→ Exercise directions:
Keep the text of the data exactly as it is and omit each picture from the copy.
········
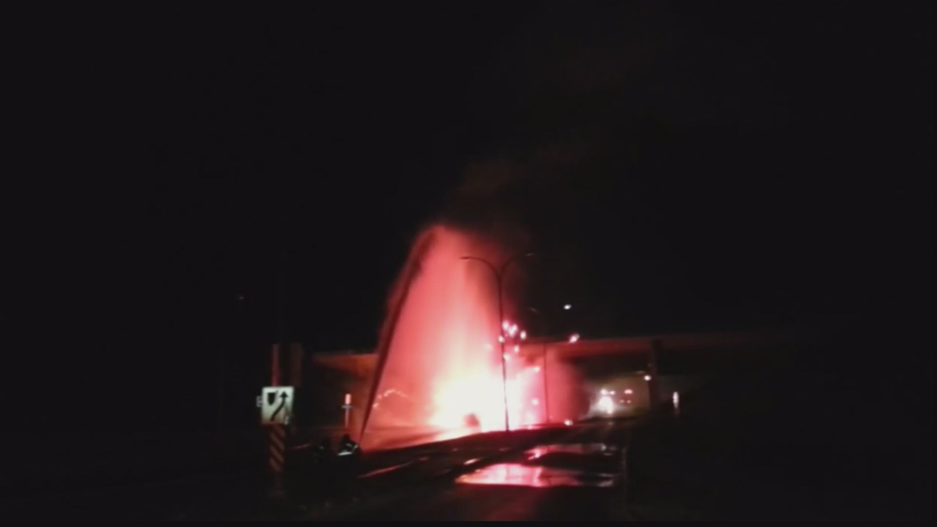 The truck was already up in flames in when firefighters arrived just after 10 p.m. Wednesday on the Highway 1 overpass.
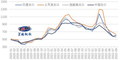 7月份,出口市場(chǎng)競(jìng)爭(zhēng)激烈,主要出口國(guó)繼續(xù)下調(diào)厚壁鋼管出口報(bào)價(jià)。進(jìn)入8月份,海外需求持續(xù)疲弱,各國(guó)厚壁鋼管出口報(bào)價(jià)仍有所下調(diào),而國(guó)內(nèi)市場(chǎng)出現(xiàn)反彈,出口報(bào)價(jià)有所上漲,云商平臺(tái)監(jiān)測(cè)數(shù)據(jù)顯示,2022年8月5日,印度、土耳其、獨(dú)聯(lián)體熱軋卷板出口報(bào)價(jià)(FOB)分別為565美元/噸、630美元/噸和560美元/噸,均較7月底有所下跌,中國(guó)熱軋卷板出口報(bào)價(jià)(FOB)為605美元/噸,較7月底有所上漲。
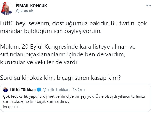 “Lütfü Bey’i severim, dostluğumuz bakidir. Bu twitini çok manidar bulduğum için paylaşıyorum. Malum, 20 Eylül Kongresinde kara listeye alınan ve sırtından bıçaklananların içinde ben de vardım, kurucular ve vekiller de vardı! Soru şu ki, öküz kim, bıçağı süren kasap kim?
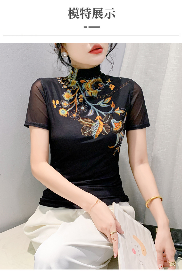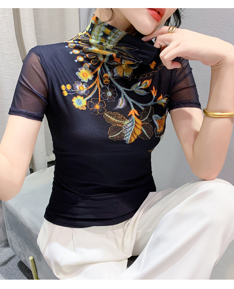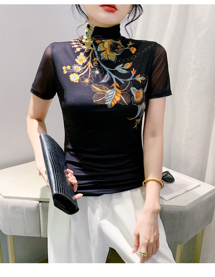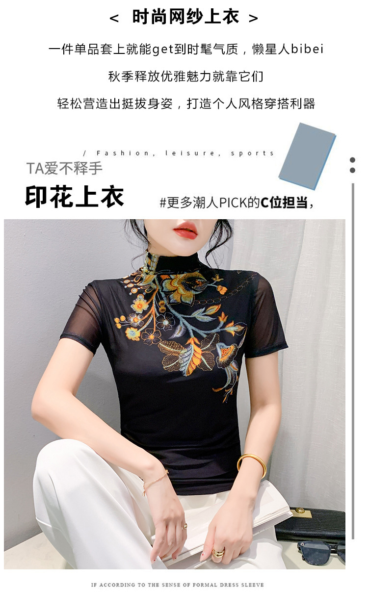 洋气半高领印花短袖网纱设计感上衣K-A55F8639
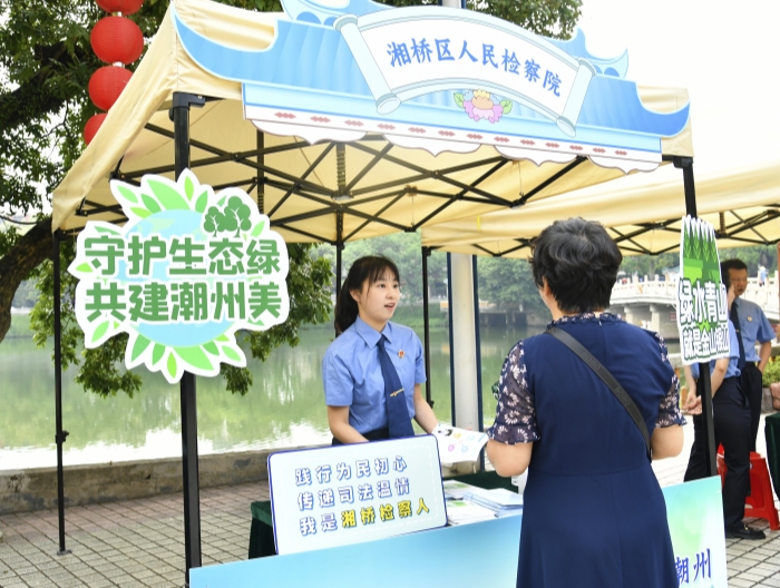 6月5日,潮州市两级检察院在潮州市西湖公园开展“检察蓝守护生态绿 共建美丽潮州”为主题的宣传活动,通过检察官访谈、生态保护普法主题宣传、少儿共绘生态保护长卷等形式,持续深化生态文明司法保护,集中展现潮州市检察机关助力生态环境保护的成效,营造全社会共同守护生态环境的良好氛围。
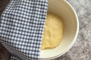 - Teig mischen & gehen lassen: Alle Zutaten zu einem glatten Hefeteig kneten. Warm ruhen lassen, bis der Teig sichtbar aufgeht.
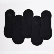 Anyfootwear 5 Pairs Size 4-9 Black Boat Socks Summer Thin Invisible Cotton Non-Slip Silicone Breathable Pure Color For Men
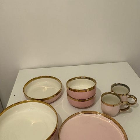 Neljä pientä vaaleanpunainen/valkoinen kulhoa. Sopii tarjoiluun tai myöskin lastenleikkiastiastoksi kokonsa puolesta.
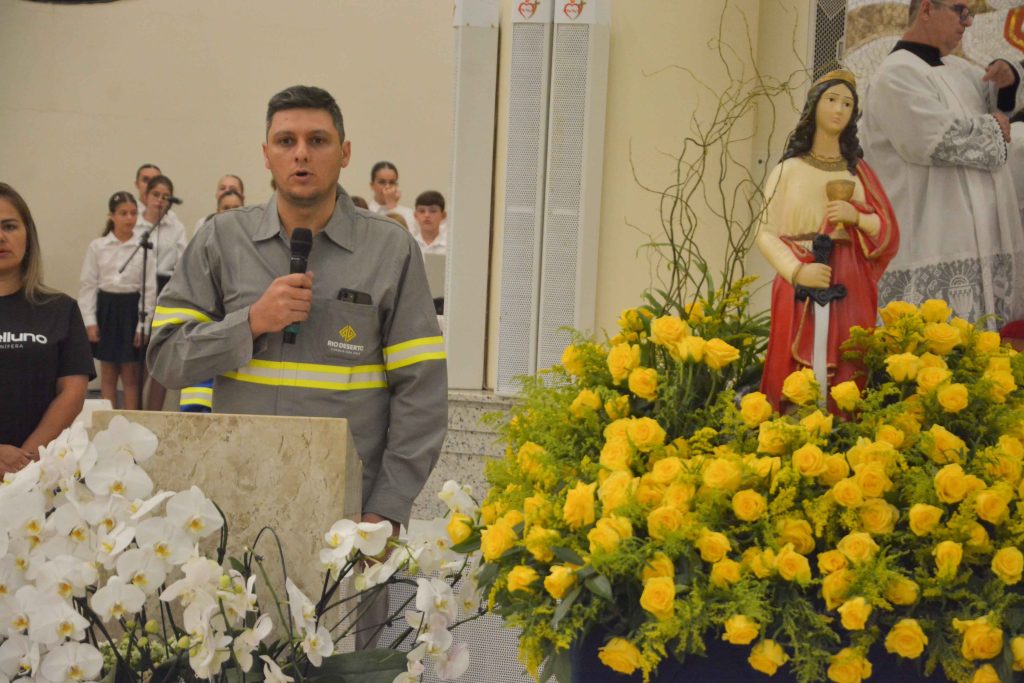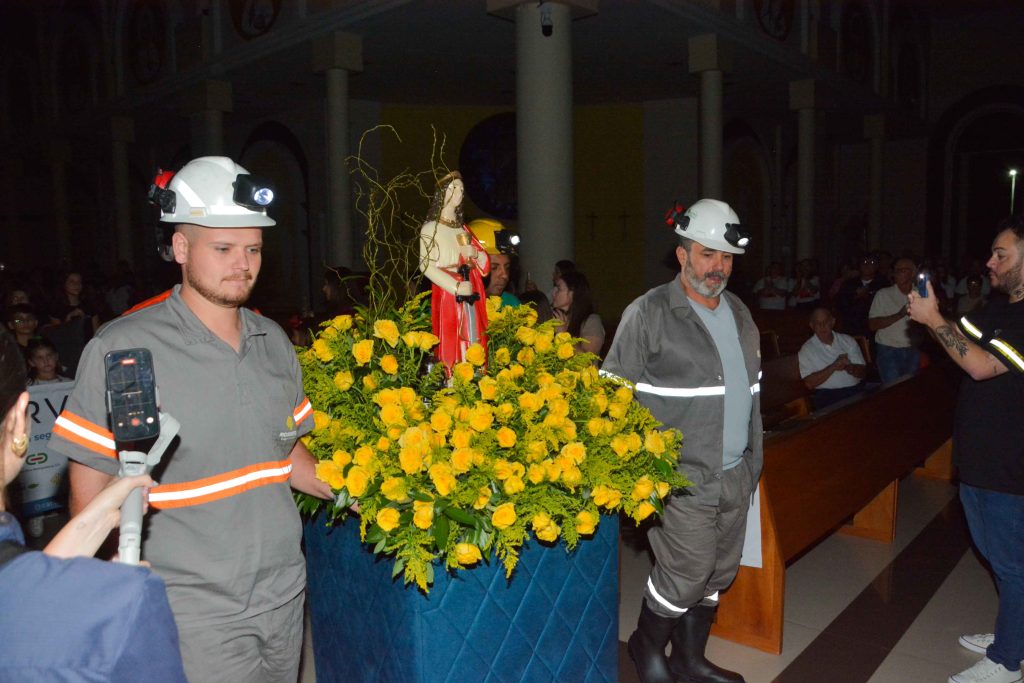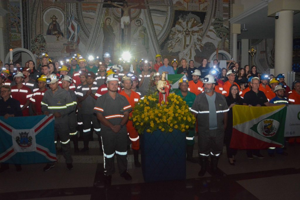 Um dos momentos mais marcantes da celebração foi a entrada dos mineiros com as luzes apagadas, iluminando o ambiente apenas com as lanternas de seus capacetes, enquanto conduziam a imagem de Santa Bárbara, padroeira dos mineiros. Em seguida, foi realizada a bênção a todos os profissionais das carboníferas do Sul catarinense. Participaram da missa representantes das Carboníferas Belluno, Catarinense, Gabriella, Metropolitana e Rio Deserto, além de alunos e profissionais da SATC.
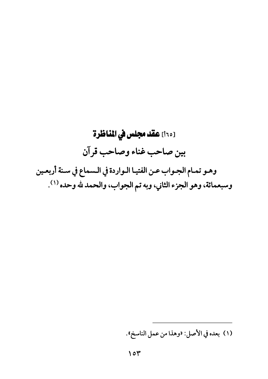 وهو تمام الجواب عن الفتيا الواردة في السماع في سنة أربعين وسبعمائة، وهو الجزء الثاني، وبه تم الجواب، والحمد لله وحده (¬١).
········
→ Solution to this exercise:
 The truck was already up in flames in when firefighters arrived just after 10 p.m. Wednesday on the Highway 1 overpass.
 7月份,出口市場(chǎng)競(jìng)爭(zhēng)激烈,主要出口國(guó)繼續(xù)下調(diào)厚壁鋼管出口報(bào)價(jià)。進(jìn)入8月份,海外需求持續(xù)疲弱,各國(guó)厚壁鋼管出口報(bào)價(jià)仍有所下調(diào),而國(guó)內(nèi)市場(chǎng)出現(xiàn)反彈,出口報(bào)價(jià)有所上漲,云商平臺(tái)監(jiān)測(cè)數(shù)據(jù)顯示,2022年8月5日,印度、土耳其、獨(dú)聯(lián)體熱軋卷板出口報(bào)價(jià)(FOB)分別為565美元/噸、630美元/噸和560美元/噸,均較7月底有所下跌,中國(guó)熱軋卷板出口報(bào)價(jià)(FOB)為605美元/噸,較7月底有所上漲。
 “Lütfü Bey’i severim, dostluğumuz bakidir. Bu twitini çok manidar bulduğum için paylaşıyorum. Malum, 20 Eylül Kongresinde kara listeye alınan ve sırtından bıçaklananların içinde ben de vardım, kurucular ve vekiller de vardı! Soru şu ki, öküz kim, bıçağı süren kasap kim?
 洋气半高领印花短袖网纱设计感上衣K-A55F8639
 6月5日,潮州市两级检察院在潮州市西湖公园开展“检察蓝守护生态绿 共建美丽潮州”为主题的宣传活动,通过检察官访谈、生态保护普法主题宣传、少儿共绘生态保护长卷等形式,持续深化生态文明司法保护,集中展现潮州市检察机关助力生态环境保护的成效,营造全社会共同守护生态环境的良好氛围。
 - Teig mischen & gehen lassen: Alle Zutaten zu einem glatten Hefeteig kneten. Warm ruhen lassen, bis der Teig sichtbar aufgeht.
 Anyfootwear 5 Pairs Size 4-9 Black Boat Socks Summer Thin Invisible Cotton Non-Slip Silicone Breathable Pure Color For Men
 Neljä pientä vaaleanpunainen/valkoinen kulhoa. Sopii tarjoiluun tai myöskin lastenleikkiastiastoksi kokonsa puolesta.
 Um dos momentos mais marcantes da celebração foi a entrada dos mineiros com as luzes apagadas, iluminando o ambiente apenas com as lanternas de seus capacetes, enquanto conduziam a imagem de Santa Bárbara, padroeira dos mineiros. Em seguida, foi realizada a bênção a todos os profissionais das carboníferas do Sul catarinense. Participaram da missa representantes das Carboníferas Belluno, Catarinense, Gabriella, Metropolitana e Rio Deserto, além de alunos e profissionais da SATC.
 وهو تمام الجواب عن الفتيا الواردة في السماع في سنة أربعين وسبعمائة، وهو الجزء الثاني، وبه تم الجواب، والحمد لله وحده (¬١).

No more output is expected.